Problem to work on: In the entries that follow, repeat exactly the lines from the one that has "TOPDON V4000 HD" through the one that has "Отвод компрессионный предназначен", but omit pictures.

Exercise input:
---+---

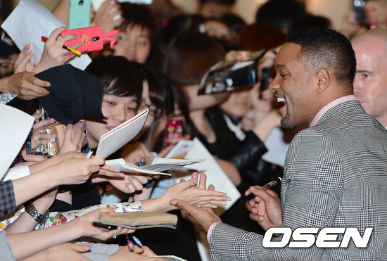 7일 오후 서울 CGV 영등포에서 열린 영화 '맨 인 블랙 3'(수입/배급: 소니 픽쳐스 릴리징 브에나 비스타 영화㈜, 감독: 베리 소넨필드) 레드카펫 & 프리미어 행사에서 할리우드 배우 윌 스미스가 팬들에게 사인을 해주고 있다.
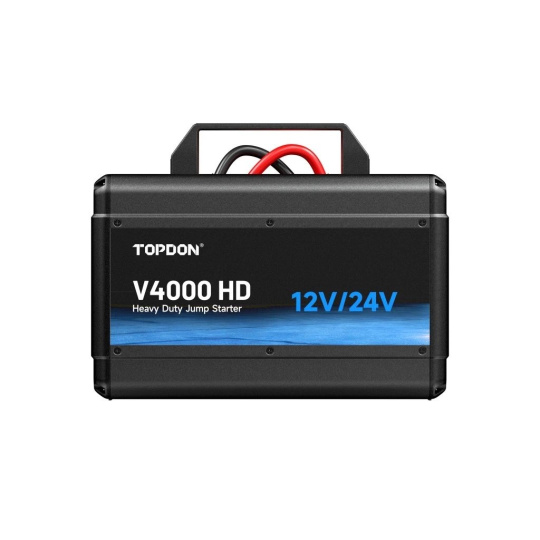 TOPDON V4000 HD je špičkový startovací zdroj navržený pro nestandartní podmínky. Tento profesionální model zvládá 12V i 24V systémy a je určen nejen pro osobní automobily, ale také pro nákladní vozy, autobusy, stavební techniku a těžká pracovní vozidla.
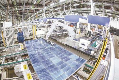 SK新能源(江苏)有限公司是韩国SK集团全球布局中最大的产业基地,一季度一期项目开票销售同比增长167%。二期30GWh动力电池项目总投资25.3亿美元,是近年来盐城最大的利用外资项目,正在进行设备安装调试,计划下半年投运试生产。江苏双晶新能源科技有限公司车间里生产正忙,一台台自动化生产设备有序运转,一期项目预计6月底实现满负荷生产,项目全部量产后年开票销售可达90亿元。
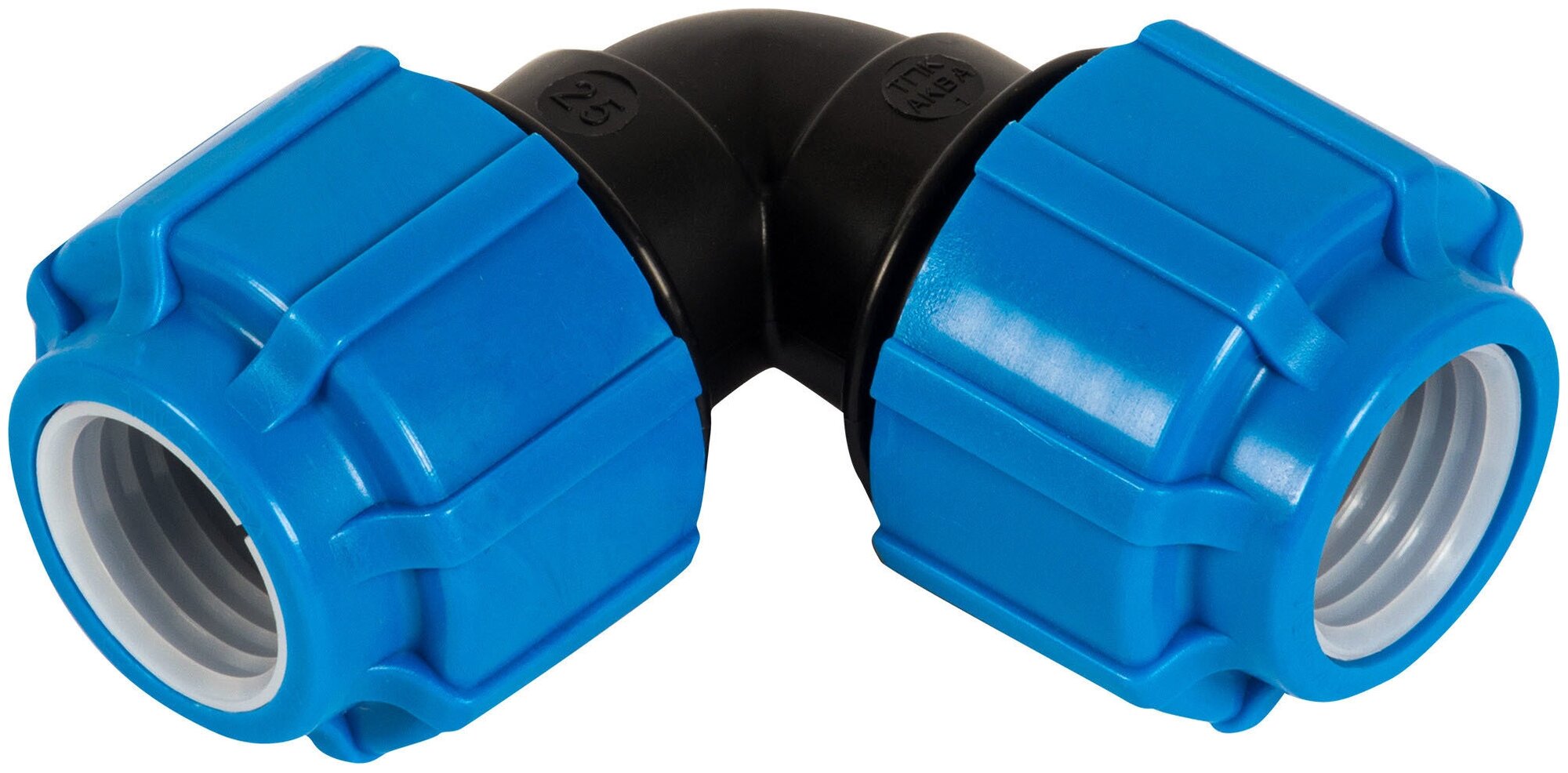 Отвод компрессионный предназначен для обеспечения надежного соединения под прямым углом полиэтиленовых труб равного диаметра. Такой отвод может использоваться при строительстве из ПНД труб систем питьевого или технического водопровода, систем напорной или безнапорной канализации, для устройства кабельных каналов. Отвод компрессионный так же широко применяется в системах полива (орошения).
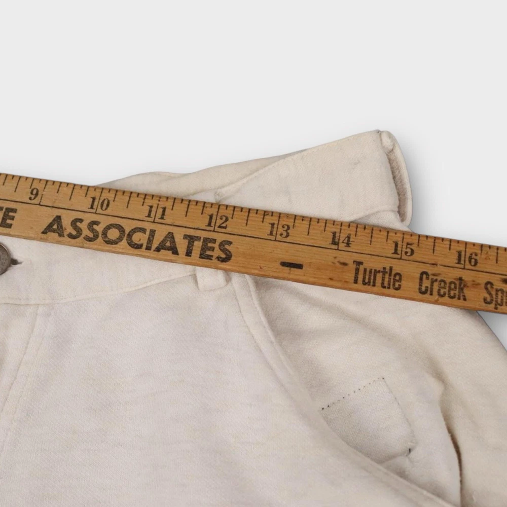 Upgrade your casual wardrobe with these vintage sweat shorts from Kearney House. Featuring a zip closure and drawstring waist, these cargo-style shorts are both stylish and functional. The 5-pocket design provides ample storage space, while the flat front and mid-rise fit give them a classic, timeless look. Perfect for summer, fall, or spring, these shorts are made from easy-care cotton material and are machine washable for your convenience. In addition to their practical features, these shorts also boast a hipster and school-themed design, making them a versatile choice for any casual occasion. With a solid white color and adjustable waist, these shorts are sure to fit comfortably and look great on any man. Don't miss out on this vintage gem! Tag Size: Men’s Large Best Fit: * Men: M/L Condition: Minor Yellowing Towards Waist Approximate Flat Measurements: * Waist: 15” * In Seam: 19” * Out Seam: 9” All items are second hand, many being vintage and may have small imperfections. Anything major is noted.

---+---

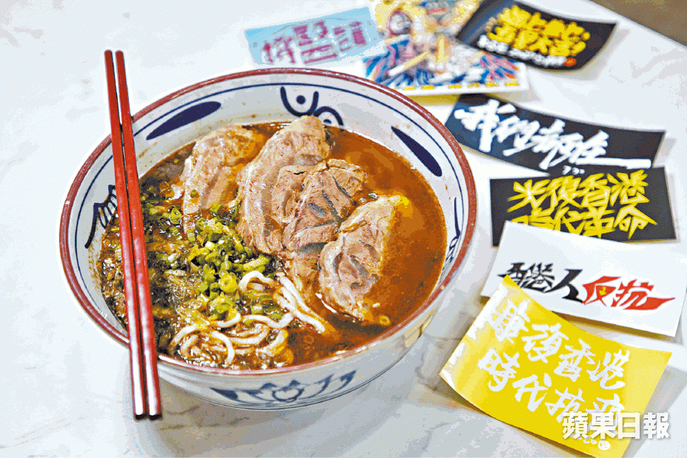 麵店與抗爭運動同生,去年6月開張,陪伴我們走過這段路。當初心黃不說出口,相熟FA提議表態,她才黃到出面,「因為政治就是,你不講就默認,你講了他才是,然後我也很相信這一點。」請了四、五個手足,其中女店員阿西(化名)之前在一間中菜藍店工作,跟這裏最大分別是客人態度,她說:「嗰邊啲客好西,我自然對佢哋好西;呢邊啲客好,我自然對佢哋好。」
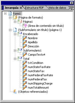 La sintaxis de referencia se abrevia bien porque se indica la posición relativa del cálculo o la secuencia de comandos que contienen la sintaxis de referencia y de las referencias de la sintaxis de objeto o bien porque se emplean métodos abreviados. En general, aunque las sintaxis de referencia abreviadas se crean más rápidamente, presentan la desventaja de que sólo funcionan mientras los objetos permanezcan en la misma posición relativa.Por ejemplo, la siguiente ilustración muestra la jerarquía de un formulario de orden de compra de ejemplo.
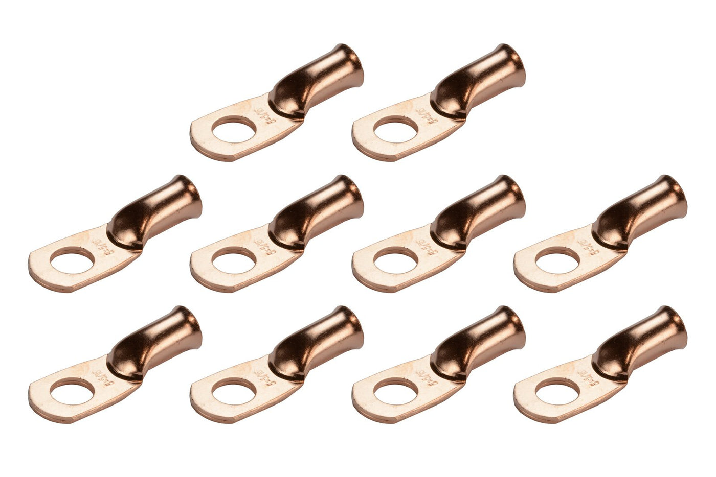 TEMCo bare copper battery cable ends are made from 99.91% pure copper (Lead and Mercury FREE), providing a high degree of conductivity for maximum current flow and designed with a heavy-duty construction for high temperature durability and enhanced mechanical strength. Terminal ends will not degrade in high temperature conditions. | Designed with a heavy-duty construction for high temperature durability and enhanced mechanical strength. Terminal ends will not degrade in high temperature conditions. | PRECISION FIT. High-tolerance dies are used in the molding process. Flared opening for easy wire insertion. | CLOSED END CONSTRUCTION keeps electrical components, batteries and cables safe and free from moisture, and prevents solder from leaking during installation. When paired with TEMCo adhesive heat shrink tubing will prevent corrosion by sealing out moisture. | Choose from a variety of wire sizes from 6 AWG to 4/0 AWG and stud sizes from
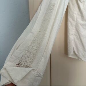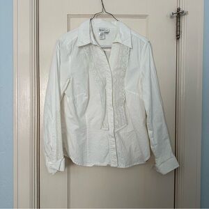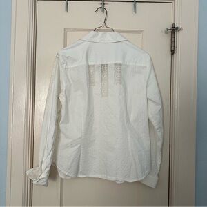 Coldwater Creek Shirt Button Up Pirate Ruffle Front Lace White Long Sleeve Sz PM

---+---

Response area:
 TOPDON V4000 HD je špičkový startovací zdroj navržený pro nestandartní podmínky. Tento profesionální model zvládá 12V i 24V systémy a je určen nejen pro osobní automobily, ale také pro nákladní vozy, autobusy, stavební techniku a těžká pracovní vozidla.
 SK新能源(江苏)有限公司是韩国SK集团全球布局中最大的产业基地,一季度一期项目开票销售同比增长167%。二期30GWh动力电池项目总投资25.3亿美元,是近年来盐城最大的利用外资项目,正在进行设备安装调试,计划下半年投运试生产。江苏双晶新能源科技有限公司车间里生产正忙,一台台自动化生产设备有序运转,一期项目预计6月底实现满负荷生产,项目全部量产后年开票销售可达90亿元。
 Отвод компрессионный предназначен для обеспечения надежного соединения под прямым углом полиэтиленовых труб равного диаметра. Такой отвод может использоваться при строительстве из ПНД труб систем питьевого или технического водопровода, систем напорной или безнапорной канализации, для устройства кабельных каналов. Отвод компрессионный так же широко применяется в системах полива (орошения).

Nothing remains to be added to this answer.